▶ **Exercise**: If a line in the entries contains the string "about", include that line in your answer.

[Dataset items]
<<<<

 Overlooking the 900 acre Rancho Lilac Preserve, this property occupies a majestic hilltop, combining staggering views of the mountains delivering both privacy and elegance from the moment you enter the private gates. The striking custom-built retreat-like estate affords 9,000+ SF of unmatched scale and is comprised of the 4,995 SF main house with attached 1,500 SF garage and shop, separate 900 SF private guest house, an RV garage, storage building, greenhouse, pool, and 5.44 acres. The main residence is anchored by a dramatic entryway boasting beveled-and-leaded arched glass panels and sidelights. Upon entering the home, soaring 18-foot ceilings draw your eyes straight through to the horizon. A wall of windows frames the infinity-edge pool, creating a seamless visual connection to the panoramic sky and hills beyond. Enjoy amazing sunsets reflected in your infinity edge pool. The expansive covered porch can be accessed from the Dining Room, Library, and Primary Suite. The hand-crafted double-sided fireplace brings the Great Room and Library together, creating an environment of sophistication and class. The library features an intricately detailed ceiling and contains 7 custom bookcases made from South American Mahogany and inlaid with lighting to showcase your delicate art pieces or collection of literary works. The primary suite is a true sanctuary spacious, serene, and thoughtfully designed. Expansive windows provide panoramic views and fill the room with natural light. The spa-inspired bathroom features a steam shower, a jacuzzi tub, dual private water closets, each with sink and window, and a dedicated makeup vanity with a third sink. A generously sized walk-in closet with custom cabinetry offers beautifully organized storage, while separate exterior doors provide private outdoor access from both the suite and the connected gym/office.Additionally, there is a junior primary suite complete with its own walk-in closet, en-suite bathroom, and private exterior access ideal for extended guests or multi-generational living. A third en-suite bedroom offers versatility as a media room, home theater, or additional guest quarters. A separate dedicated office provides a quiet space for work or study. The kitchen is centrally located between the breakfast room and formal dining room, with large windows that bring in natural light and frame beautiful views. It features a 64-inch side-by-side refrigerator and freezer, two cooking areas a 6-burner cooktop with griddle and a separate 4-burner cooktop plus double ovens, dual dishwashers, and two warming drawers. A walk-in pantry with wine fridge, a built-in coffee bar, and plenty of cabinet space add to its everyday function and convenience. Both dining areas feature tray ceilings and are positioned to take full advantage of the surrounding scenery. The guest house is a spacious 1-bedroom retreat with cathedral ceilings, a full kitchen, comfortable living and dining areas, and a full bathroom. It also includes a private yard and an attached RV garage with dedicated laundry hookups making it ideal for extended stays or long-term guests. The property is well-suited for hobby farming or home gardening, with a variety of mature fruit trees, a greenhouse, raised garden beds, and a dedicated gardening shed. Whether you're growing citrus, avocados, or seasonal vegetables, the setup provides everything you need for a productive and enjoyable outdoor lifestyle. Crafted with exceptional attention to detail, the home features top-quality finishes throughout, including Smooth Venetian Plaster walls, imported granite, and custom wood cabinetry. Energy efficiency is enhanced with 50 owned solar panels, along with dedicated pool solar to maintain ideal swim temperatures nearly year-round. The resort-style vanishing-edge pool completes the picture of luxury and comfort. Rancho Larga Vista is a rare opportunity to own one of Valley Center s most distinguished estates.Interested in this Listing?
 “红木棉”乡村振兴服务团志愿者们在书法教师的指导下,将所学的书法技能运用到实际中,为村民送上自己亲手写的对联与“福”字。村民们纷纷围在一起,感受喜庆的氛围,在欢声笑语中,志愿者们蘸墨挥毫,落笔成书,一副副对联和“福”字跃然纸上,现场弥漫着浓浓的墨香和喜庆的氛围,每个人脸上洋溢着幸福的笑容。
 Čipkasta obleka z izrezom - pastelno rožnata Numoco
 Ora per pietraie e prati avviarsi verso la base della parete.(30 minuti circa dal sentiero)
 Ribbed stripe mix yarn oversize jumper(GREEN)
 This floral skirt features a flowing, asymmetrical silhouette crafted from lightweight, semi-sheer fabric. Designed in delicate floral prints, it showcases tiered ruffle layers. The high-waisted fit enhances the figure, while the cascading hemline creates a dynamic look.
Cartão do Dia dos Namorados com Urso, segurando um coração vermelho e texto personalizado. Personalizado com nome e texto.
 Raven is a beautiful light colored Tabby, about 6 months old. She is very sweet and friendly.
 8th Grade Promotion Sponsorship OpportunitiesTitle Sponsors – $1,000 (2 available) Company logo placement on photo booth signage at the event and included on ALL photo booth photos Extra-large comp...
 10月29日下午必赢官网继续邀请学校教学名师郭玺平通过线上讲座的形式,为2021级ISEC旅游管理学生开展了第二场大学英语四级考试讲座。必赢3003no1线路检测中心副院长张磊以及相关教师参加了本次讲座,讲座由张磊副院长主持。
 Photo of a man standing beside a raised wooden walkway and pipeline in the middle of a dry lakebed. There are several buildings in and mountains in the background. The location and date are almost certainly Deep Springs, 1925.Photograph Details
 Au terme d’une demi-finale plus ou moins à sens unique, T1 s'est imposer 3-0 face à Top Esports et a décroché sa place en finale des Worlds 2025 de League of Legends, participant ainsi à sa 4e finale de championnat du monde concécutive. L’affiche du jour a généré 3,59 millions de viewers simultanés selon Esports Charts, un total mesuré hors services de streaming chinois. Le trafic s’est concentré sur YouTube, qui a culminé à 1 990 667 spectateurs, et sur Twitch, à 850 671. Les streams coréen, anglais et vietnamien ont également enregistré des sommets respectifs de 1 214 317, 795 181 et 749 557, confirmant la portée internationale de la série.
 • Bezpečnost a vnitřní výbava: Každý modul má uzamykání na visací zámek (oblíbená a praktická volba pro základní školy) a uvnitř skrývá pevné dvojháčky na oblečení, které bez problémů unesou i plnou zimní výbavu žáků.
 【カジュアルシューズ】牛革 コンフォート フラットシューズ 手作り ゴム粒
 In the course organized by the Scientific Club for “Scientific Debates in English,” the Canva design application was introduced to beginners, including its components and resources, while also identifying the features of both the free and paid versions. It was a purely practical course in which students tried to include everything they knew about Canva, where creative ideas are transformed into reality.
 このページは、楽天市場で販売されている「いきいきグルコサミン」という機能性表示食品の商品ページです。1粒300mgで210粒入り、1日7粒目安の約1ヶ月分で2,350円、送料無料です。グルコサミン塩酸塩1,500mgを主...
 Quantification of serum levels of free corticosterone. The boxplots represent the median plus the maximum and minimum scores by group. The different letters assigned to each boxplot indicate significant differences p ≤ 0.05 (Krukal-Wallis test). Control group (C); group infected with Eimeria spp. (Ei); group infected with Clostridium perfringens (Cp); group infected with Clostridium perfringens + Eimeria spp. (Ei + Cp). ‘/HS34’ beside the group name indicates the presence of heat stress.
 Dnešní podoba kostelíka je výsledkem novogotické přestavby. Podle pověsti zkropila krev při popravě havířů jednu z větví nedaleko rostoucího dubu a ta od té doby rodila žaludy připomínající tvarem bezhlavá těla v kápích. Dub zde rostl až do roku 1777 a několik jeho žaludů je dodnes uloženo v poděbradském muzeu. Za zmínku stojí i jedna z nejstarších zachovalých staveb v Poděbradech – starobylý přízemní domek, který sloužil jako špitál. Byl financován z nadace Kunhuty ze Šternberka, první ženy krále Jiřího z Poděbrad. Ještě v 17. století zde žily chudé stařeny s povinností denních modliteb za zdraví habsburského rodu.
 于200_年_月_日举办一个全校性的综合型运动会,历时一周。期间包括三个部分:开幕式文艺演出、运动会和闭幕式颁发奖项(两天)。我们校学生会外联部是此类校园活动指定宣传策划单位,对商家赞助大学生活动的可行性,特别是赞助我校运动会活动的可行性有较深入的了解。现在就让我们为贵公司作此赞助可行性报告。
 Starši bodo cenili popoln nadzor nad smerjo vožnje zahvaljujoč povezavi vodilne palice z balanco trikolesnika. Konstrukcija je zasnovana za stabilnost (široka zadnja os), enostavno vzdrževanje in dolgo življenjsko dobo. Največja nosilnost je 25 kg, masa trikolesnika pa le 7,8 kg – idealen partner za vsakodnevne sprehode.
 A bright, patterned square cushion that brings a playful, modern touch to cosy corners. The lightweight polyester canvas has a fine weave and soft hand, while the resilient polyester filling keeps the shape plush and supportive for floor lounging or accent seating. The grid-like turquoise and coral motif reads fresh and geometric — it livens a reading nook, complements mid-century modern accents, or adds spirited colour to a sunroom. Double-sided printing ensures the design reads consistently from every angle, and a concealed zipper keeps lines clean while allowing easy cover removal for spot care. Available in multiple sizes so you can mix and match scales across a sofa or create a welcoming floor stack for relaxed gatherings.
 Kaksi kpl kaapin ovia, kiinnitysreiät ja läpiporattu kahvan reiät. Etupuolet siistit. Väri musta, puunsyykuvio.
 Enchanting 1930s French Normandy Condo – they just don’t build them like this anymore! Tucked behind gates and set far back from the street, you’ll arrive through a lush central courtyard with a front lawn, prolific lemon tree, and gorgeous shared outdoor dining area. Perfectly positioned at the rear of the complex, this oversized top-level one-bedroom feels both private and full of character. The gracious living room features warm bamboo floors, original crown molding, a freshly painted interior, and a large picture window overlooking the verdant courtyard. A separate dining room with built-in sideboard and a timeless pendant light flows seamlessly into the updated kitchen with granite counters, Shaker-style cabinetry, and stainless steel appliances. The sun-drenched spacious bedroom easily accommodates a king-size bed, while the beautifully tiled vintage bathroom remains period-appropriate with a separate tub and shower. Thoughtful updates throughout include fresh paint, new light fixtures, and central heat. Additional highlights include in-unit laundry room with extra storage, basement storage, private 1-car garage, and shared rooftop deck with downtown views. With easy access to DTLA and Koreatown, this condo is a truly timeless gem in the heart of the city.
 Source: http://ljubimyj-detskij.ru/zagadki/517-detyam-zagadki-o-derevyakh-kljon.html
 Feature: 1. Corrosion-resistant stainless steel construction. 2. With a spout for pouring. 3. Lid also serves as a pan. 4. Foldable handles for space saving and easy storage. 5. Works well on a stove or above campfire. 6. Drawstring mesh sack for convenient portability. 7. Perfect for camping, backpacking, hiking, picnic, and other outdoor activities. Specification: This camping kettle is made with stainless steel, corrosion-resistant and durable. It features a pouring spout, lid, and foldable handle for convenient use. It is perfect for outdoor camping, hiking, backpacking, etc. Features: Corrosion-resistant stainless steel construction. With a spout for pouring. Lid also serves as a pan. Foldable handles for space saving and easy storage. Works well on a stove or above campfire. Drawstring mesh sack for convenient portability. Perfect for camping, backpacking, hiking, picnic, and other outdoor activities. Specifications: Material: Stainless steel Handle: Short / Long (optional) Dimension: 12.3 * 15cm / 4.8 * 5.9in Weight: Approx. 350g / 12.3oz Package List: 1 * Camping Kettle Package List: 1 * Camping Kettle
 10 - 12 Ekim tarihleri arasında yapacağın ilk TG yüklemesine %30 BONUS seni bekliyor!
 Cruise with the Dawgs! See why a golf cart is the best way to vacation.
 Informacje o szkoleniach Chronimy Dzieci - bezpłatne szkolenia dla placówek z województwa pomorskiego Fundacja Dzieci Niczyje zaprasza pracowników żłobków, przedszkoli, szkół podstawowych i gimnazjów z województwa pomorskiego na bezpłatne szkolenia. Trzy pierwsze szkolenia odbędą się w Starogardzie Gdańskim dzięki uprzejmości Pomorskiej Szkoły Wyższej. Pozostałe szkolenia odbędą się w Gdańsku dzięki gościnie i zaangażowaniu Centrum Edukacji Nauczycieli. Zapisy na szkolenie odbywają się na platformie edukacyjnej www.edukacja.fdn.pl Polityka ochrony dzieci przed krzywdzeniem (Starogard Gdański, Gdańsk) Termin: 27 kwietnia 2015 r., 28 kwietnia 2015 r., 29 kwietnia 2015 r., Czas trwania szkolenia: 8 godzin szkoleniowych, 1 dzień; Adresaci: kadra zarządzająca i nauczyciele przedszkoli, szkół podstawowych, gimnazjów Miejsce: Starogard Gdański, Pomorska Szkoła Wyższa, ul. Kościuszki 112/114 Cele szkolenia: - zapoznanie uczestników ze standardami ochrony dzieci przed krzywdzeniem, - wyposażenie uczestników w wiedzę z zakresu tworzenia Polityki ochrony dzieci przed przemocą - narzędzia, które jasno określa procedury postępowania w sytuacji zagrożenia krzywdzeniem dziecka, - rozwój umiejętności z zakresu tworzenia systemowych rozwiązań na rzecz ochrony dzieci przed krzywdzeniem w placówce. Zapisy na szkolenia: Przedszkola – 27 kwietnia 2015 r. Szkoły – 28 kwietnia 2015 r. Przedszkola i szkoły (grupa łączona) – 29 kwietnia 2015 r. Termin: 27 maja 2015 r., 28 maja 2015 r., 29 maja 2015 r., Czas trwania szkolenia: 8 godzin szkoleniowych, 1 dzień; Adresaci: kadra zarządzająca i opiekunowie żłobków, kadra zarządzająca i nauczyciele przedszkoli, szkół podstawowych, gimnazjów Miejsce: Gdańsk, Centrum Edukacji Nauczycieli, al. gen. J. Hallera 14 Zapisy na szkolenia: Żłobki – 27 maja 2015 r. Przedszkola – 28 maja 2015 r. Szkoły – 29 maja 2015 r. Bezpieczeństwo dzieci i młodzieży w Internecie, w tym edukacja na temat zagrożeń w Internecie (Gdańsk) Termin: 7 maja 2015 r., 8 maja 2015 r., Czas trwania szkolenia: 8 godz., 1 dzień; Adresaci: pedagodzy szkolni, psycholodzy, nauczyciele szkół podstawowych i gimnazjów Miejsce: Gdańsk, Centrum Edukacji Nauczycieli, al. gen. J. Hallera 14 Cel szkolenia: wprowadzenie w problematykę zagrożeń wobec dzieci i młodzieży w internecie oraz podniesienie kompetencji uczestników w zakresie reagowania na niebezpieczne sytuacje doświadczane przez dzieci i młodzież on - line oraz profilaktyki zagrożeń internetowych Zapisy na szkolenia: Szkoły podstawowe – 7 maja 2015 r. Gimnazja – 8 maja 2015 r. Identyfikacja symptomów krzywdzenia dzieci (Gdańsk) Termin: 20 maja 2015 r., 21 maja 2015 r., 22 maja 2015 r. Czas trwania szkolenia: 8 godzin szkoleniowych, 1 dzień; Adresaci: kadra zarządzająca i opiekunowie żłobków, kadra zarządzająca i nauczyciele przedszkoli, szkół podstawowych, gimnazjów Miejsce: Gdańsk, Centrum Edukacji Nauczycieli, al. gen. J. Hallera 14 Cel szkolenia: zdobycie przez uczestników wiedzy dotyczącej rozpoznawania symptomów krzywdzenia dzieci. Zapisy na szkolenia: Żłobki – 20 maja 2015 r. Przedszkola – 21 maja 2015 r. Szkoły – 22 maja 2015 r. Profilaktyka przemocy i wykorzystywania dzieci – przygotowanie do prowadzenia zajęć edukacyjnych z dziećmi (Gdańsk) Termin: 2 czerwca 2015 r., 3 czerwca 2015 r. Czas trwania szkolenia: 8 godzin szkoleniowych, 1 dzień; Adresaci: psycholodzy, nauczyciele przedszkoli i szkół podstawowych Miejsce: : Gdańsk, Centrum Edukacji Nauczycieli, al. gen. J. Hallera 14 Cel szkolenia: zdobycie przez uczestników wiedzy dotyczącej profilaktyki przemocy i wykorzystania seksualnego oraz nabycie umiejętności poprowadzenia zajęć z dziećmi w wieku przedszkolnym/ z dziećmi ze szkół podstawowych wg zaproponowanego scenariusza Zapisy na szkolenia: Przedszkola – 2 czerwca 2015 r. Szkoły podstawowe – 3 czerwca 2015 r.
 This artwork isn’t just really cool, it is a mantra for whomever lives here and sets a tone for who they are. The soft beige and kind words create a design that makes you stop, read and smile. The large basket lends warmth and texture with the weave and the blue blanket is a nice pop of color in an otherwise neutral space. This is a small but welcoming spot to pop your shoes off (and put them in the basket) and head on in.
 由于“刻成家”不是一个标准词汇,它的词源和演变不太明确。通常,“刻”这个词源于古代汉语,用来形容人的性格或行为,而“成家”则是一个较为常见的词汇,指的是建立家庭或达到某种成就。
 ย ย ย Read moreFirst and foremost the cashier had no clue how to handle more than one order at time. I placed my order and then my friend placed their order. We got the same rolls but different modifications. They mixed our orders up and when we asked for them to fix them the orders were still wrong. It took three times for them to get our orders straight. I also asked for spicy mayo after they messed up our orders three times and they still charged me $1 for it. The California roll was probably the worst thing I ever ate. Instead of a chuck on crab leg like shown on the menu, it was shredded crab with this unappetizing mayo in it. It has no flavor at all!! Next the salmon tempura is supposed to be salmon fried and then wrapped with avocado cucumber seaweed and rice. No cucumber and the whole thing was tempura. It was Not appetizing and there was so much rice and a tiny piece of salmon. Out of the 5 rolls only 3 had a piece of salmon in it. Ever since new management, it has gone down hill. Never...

>>>>

▶ **Solution to the exercise**:
 Raven is a beautiful light colored Tabby, about 6 months old. She is very sweet and friendly.
 In the course organized by the Scientific Club for “Scientific Debates in English,” the Canva design application was introduced to beginners, including its components and resources, while also identifying the features of both the free and paid versions. It was a purely practical course in which students tried to include everything they knew about Canva, where creative ideas are transformed into reality.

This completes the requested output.